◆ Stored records
+--

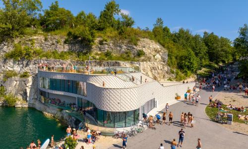 Park Zakrzówek to obszar terenów zielonych położony w bezpośredniej bliskości historycznego centrum Krakowa (niecałe 2 km od Wawelu) z charakterystycznym elementem w postaci niefunkcjonującego już, częściowo zalanego kamieniołomu wapienia. W ramach projektu rewitalizacji zrealizowanego przez Pracownię Projektową F-11 pod kierownictwem arch. Marcina Furtaka na obszarze niemal 52 ha zaprojektowano budynki oraz infrastrukturę umożliwiające bezpieczne udostępnienie tej przestrzeni mieszkańcom miasta. Na tafli zbiornika powstało ogólnodostępne kąpielisko, składające się z 5 wydzielonych pływającymi pomostami basenów o różnych powierzchniach i głębokościach. Przy wejściu na kąpielisko zlokalizowano pawilon, mieszący strefę zaplecza oraz centrum edukacji ekologicznej. Z kolei amatorzy nurkowania swoją przestrzeń znajdą w budynku Centrum Sportów Wodnych. Posiada on ergonomiczną, ukształtowaną tarasowo formę na rzucie zbliżonym do trójkąta. Od strony wschodniej całkowicie przylega do ściany skalnej, a cześć północna jest częściowo zawieszona nad lustrem wody. W budynku zaprojektowano m.in. zaplecze sportowe, kawiarnię i salę szkoleniową.
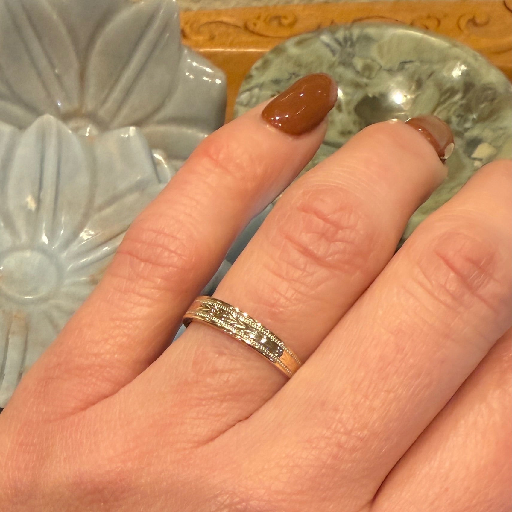 Chevron Engraved 14k Gold Tapered Band
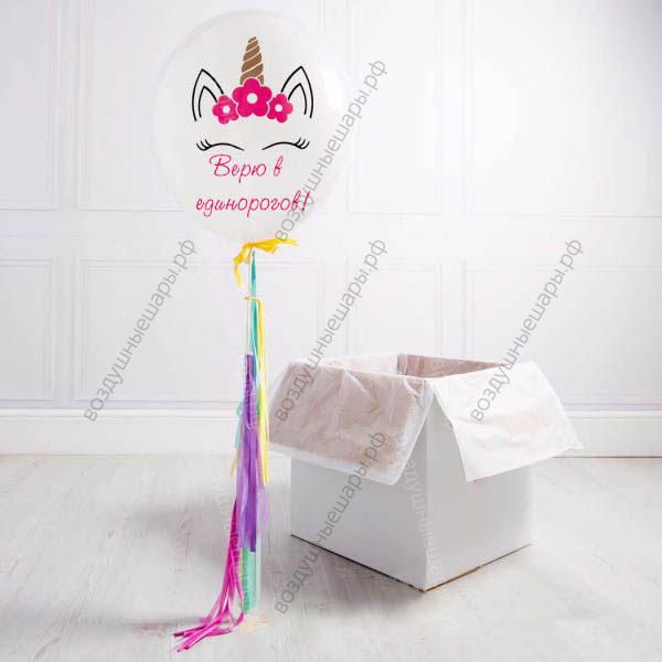 Закажите Большой белый шар с единорогом в подарочной коробке с доставкой по Москве недорого или с самовывозом прямо сейчас. Звоните!
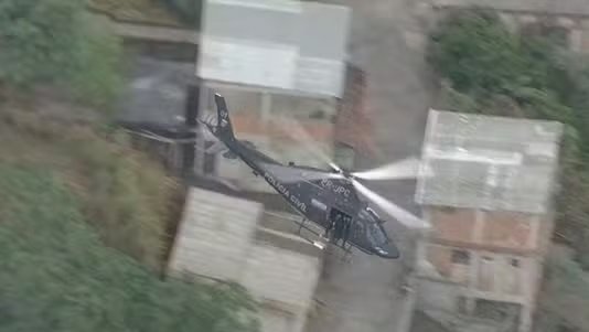 Piloto de helicóptero da polícia é baleado na cabeça durante voo no Rio de Janeiro
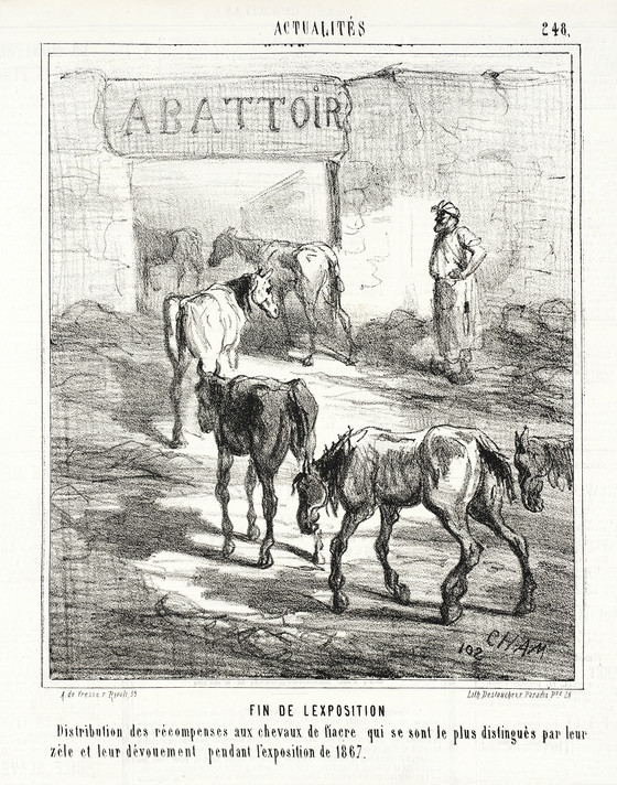 Fin de l'exposition. Distribution des récompenses aux chevaux de fiacre qui se sont le plus distingués par leur zèle et leur dévouement pendant l'exposition de 1867
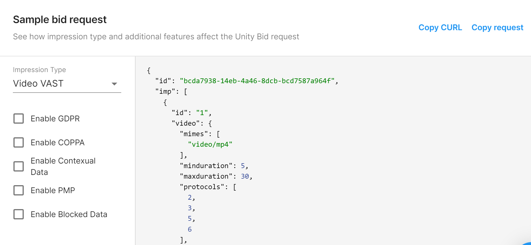 The Sample bid request section of the Testing page displays a sample bid request that is an example of the OpenRTB requests Unity sends to DSPs. Select different impression types from the drop-down menu and check applicable attributes to review an example of the bid request JSON.
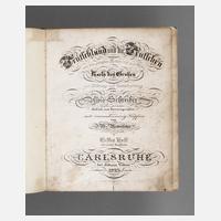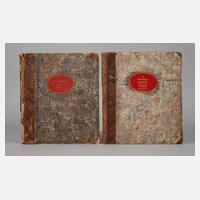 zwei Notenbücher, 1: Idomeneo, Oper in drei Aufzügen von W. A. Mozart, In vollständigem Clavierauszug mit deutsch- und italienischem Texte und zugleich für das Piano-Forte allein, Ihrer Königlichen Hoheit der Frau Markgräfin Leopold zu Baden in tiefster Ehrfurcht zugeignet von dem Verleger, Wohlfeile Ausgabe v. W. A. Mozarts sämtlichen Opern, 7. Lieferung, Mannheim bei Heckel, ohne Jahr [1830], 173 S. – 2: Der Schauspiel-Director, ein komisches Singspiel [...] sowie Titus, Oper in II Aufzügen [...], Mannheim, ohne Jahr [1820), 33 und 111 S.; jeweils Format 4°, Halbledereinbände mit Schmuckdeckeln, Einbände mit sichtbaren Alters- und Gebrauchsspuren, Altersflecken des Papiers, befriedigender Zustand.
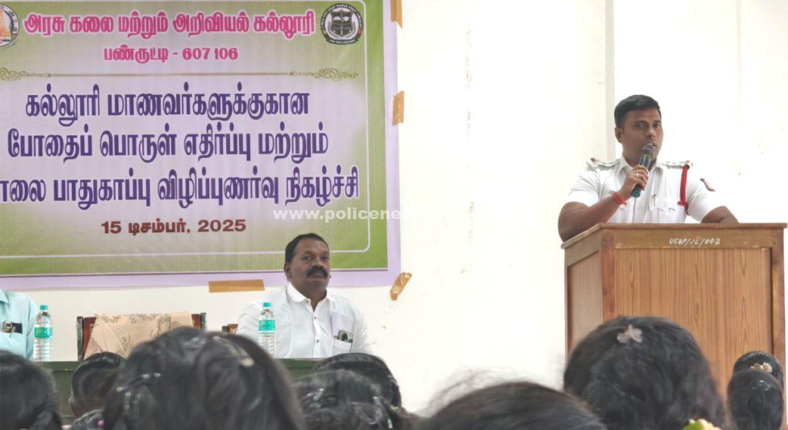 கடலூர் : கடலூர் மாவட்ட காவல் கண்காணிப்பாளர் அவர்கள் உத்தரவின் பேரில் பண்ருட்டி போக்குவரத்து காவல் ஆய்வாளர் திரு. பரமேஸ்வர பத்மநாபன் அவர்கள் பண்ருட்டி அரசு கலை மற்றும் அறிவியல் கல்லூரியில் மாணவ மாணவிகளுக்கு போதை பொருள் எதிர்ப்பு மற்றும் சாலை பாதுகாப்பு பற்றிய விழிப்புணர்வு ஏற்படுத்தினார்

+--

◆ Work request
What is needed here is an exact copy of the lines from the line containing "zwei Notenbücher, 1: Idomeneo, Oper" through the end of the records, with every picture left out.

◆ Task solution
 zwei Notenbücher, 1: Idomeneo, Oper in drei Aufzügen von W. A. Mozart, In vollständigem Clavierauszug mit deutsch- und italienischem Texte und zugleich für das Piano-Forte allein, Ihrer Königlichen Hoheit der Frau Markgräfin Leopold zu Baden in tiefster Ehrfurcht zugeignet von dem Verleger, Wohlfeile Ausgabe v. W. A. Mozarts sämtlichen Opern, 7. Lieferung, Mannheim bei Heckel, ohne Jahr [1830], 173 S. – 2: Der Schauspiel-Director, ein komisches Singspiel [...] sowie Titus, Oper in II Aufzügen [...], Mannheim, ohne Jahr [1820), 33 und 111 S.; jeweils Format 4°, Halbledereinbände mit Schmuckdeckeln, Einbände mit sichtbaren Alters- und Gebrauchsspuren, Altersflecken des Papiers, befriedigender Zustand.
 கடலூர் : கடலூர் மாவட்ட காவல் கண்காணிப்பாளர் அவர்கள் உத்தரவின் பேரில் பண்ருட்டி போக்குவரத்து காவல் ஆய்வாளர் திரு. பரமேஸ்வர பத்மநாபன் அவர்கள் பண்ருட்டி அரசு கலை மற்றும் அறிவியல் கல்லூரியில் மாணவ மாணவிகளுக்கு போதை பொருள் எதிர்ப்பு மற்றும் சாலை பாதுகாப்பு பற்றிய விழிப்புணர்வு ஏற்படுத்தினார்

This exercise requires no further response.